═══ Listed records

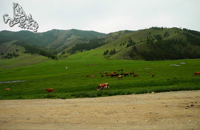 في صباح اليوم التالي ، بعد تناول وجبة الإفطار غادرنا تلك العائلة عبر هذه المروج الخضراء .. مارين بخيام مغولية تارة وببيوت خشبية تارة وبمزارع صغيرة تارة أخرى .. نواصل نحو الوجهة مع الصور
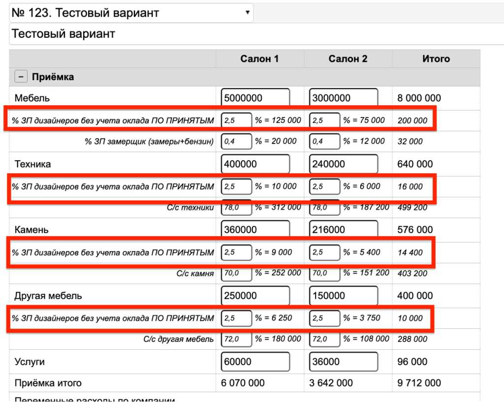 Например, отображение в отчете "Фин. прогноз" суммы по статье «% ЗП дизайнеров без учета оклада по принятым»:
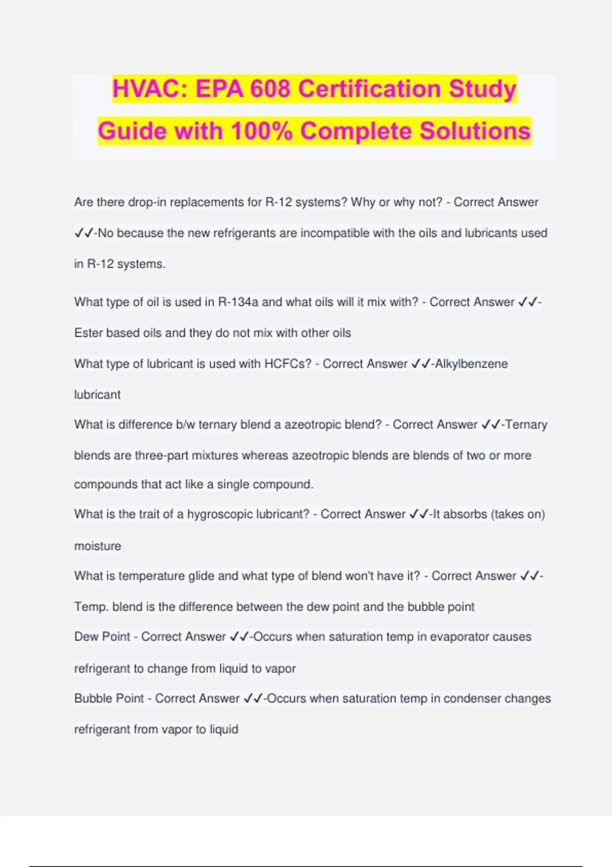 HVAC: EPA 608 Certification Study Guide with 100% Complete Solutions
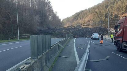 El desprendimiento colapsa la autopista entre Bilbao y San Sebastián
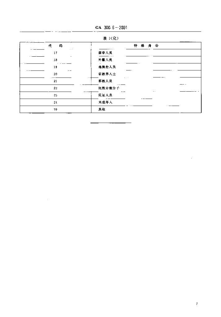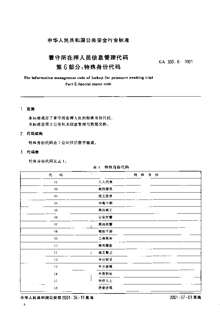 GA 300.6-2001 看守所在押人员信息管理代码 第6部分:特殊身份代码
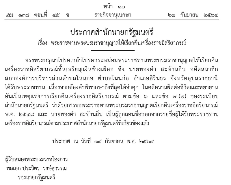 ทรงพระกรุณาโปรดเกล้าโปรดกระหม่อมพระราชทานพระบรมราชานุญาตให้เรียกคืนเครื่องราชอิสริยาภรณ์ชั้นเหรียญเงินช้างเผือก ซึ่ง นายทองดำ สะท้านถิ่น อดีตสมาชิกสภาองค์การบริหารส่วนตำบลโนนก่อ ตำบลโนนก่อ อำเภอสิรินธร จังหวัดอุบลราชธานี ได้รับพระราชทาน เนื่องจากต้องคำพิพากษาถึงที่สุดให้จำคุก ในคดีความผิดต่อชีวิตและพยายาม อันเป็นเหตุแห่งการเรียกคืนเครื่องราชอิสริยาภรณ์ ตามข้อ 6 และข้อ 7 (2) ของระเบียบสำนักนายกรัฐมนตรี ว่าด้วยการขอพระราชทานพระบรมราชานุญาตเรียกคืนเครื่องราชอิสริยาภรณ์ พ.ศ. 2548 และ นายทองดำ สะท้านถิ่น เป็นผู้ถูกถอนชื่อออกจากรายชื่อผู้ได้รับพระราชทานเครื่องราชอิสริยาภรณ์ตามประกาศสำนักนายกรัฐมนตรีที่เกี่ยวข้องแล้ว ประกาศ ณ วันที่ 14 กันยายน พ.ศ. 2564
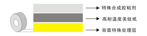 采用高强度,柔软性优越的皱纹纸为基材,单面涂以橡胶型压敏胶而成。
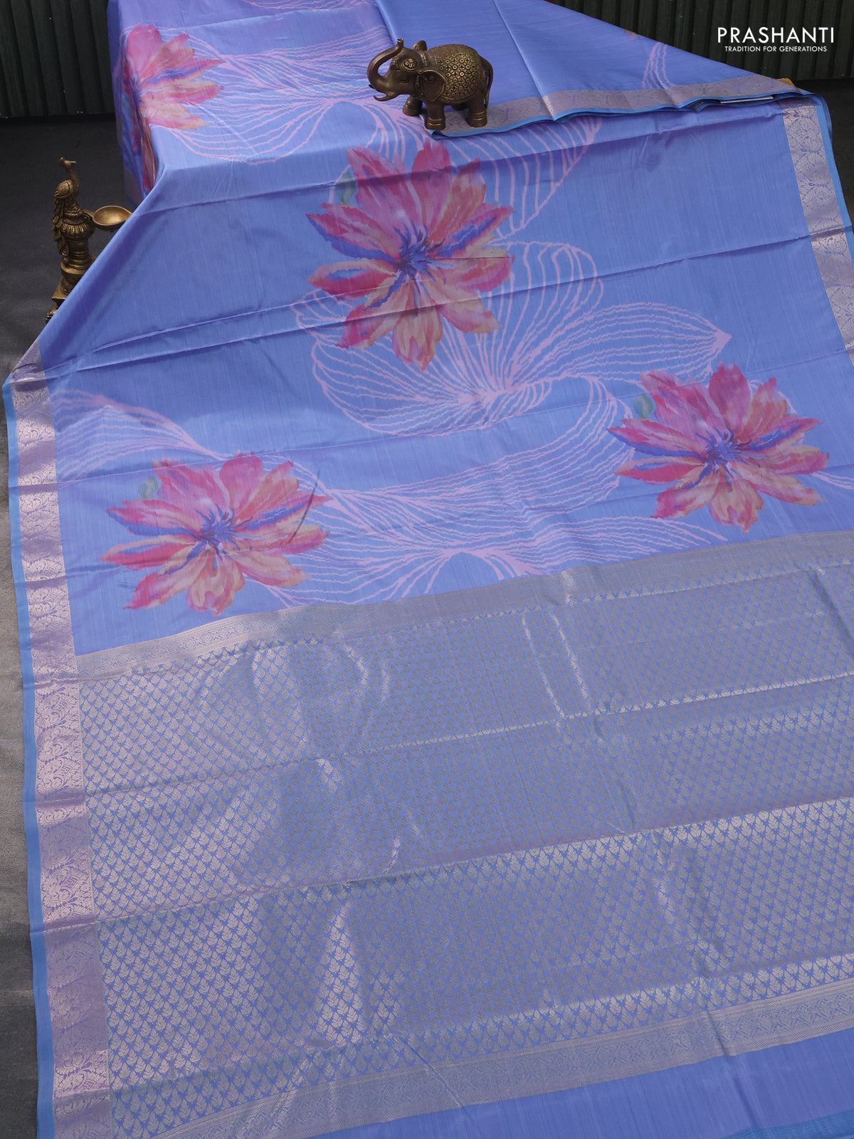 Bangalori semi silk saree light blue with allover ikat weaves and zari woven border
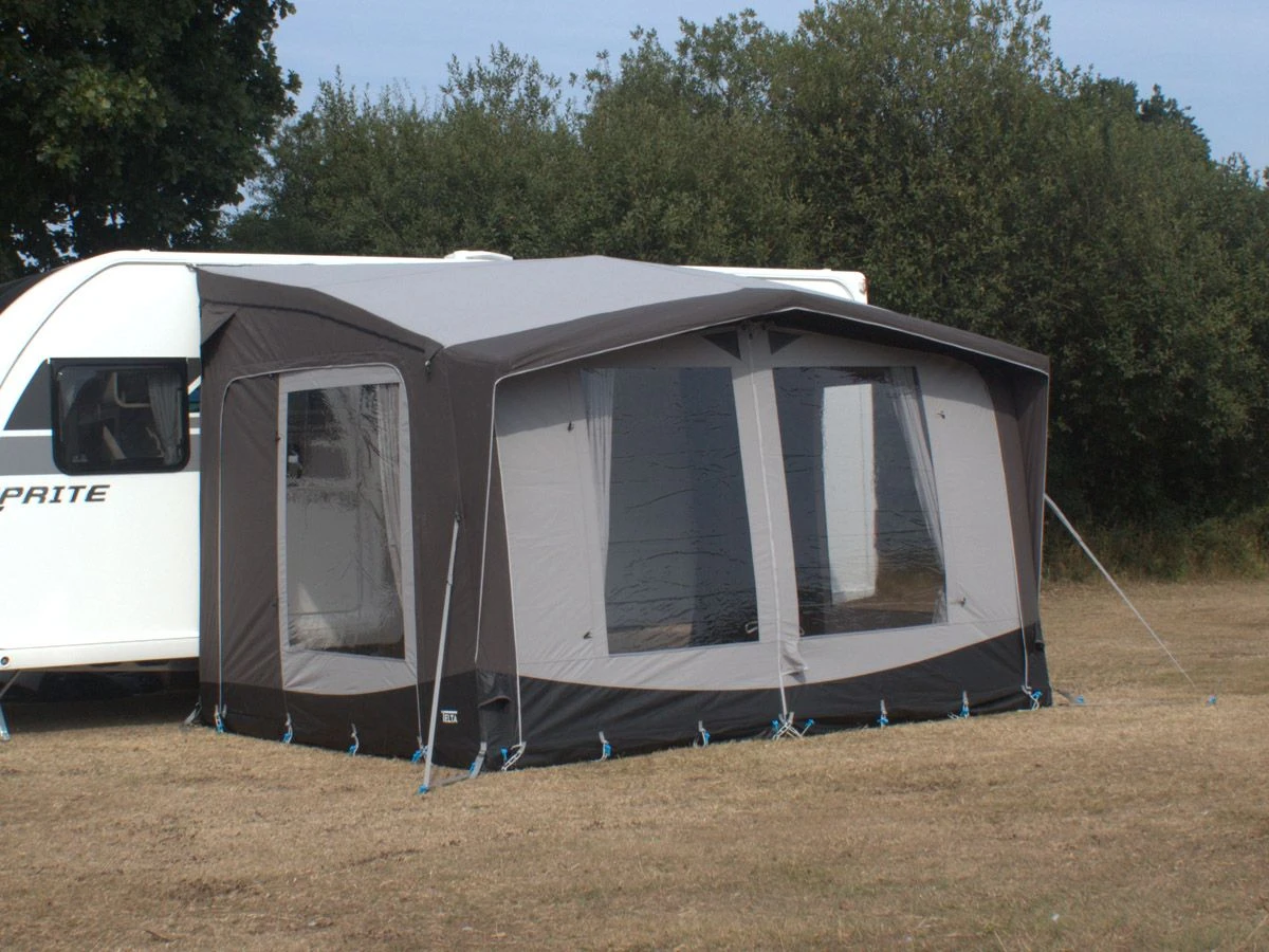 Die Vorzelte von Telta sind mit zwei Kedern ausgestattet, einem 7-mm-Keder zur Befestigung am Wohnwagen und einem 5-mm-Keder zur Befestigung an Kassettenmarkisen. Dadurch sind die Vorzelte sowohl für Wohnwagen als auch für Wohnmobile geeignet. Dank der integrierten Höhenverstellung mit Reißverschluss können die Vorzelte einfach und schnell von 235 auf 280 cm in der Höhe angepasst werden, ohne dass überschüssiges Zeltmaterial auf dem Boden hängt.
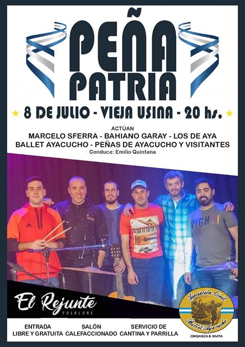 Este Lunes 8 de Julio, en vísperas a la llegada del Día de la Independencia, la Asociación Civil “Ballet Ayacucho” realizará en la Vieja Usina una Peña Patria, desde las 20 horas, la que será con entrada libre y gratuita.
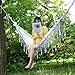 [High quality boho hammock] This white hammock is made of 80% sturdy cotton and 20% polyester fiber. High quality construction ensures this hammock will never tear or break with regular use
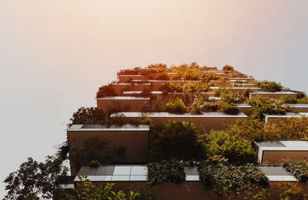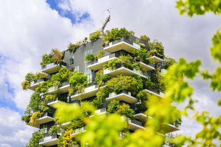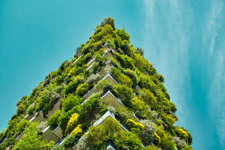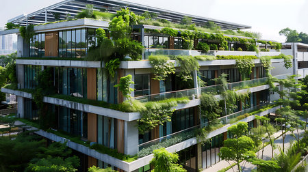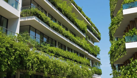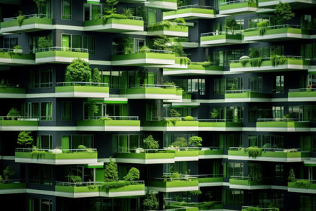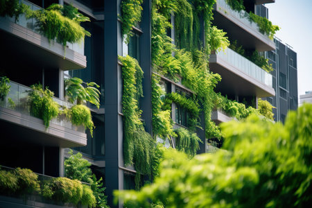 Eco-friendly living: the facade of a modern urban apartment building is decorated with lush green plants and trees
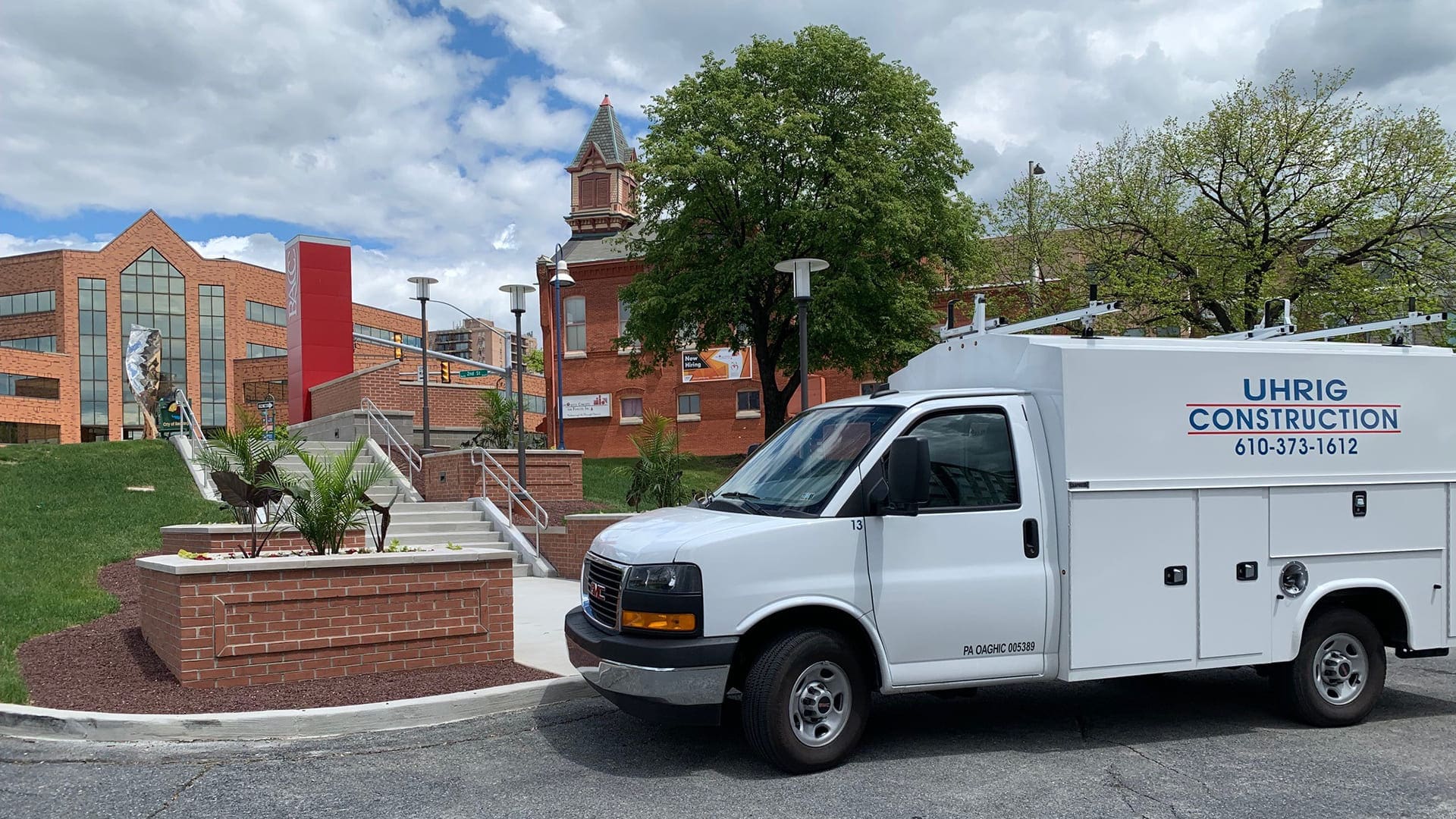 Bucks County Community College has three campuses in Bucks County. Uhrig Construction worked on an exterior renovation project at their main campus in Newtown, Pennsylvania. This project required approximately five acres of improvements throughout the outdoor spaces of the campus. New sidewalks, curbs, masonry work, railings, landscaping, and a new water fountain was installed on the property.
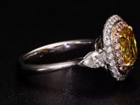Introducing our elegant Fancy Vivid Yellow Ring, a timeless blend of sophistication and opulence. At its heart, a 2.05-carat cushion-cut Fancy Vivid Yellow diamond, GIA-certified, radiates unmatched brilliance. The ring is set in 18K rose and white gold, weighing 6.0 grams, and designed with a double halo of fancy pink and white diamonds. The shank is accompanied by two pear-shaped diamonds, further enhancing its beauty and sophistication. Embrace the allure of this exceptional piece and indulge in the captivating elegance of this diamond—an exquisite testament to your refined taste.

══════

• Task item:
Exactly and only the lines from the top of the records down to the line containing "GA 300.6-2001 看守所在押人员信息管理代码 第6部分:特殊身份代码" should be transcribed, please, without the pictures.

• Output for this task:
 في صباح اليوم التالي ، بعد تناول وجبة الإفطار غادرنا تلك العائلة عبر هذه المروج الخضراء .. مارين بخيام مغولية تارة وببيوت خشبية تارة وبمزارع صغيرة تارة أخرى .. نواصل نحو الوجهة مع الصور
 Например, отображение в отчете "Фин. прогноз" суммы по статье «% ЗП дизайнеров без учета оклада по принятым»:
 HVAC: EPA 608 Certification Study Guide with 100% Complete Solutions
 El desprendimiento colapsa la autopista entre Bilbao y San Sebastián
 GA 300.6-2001 看守所在押人员信息管理代码 第6部分:特殊身份代码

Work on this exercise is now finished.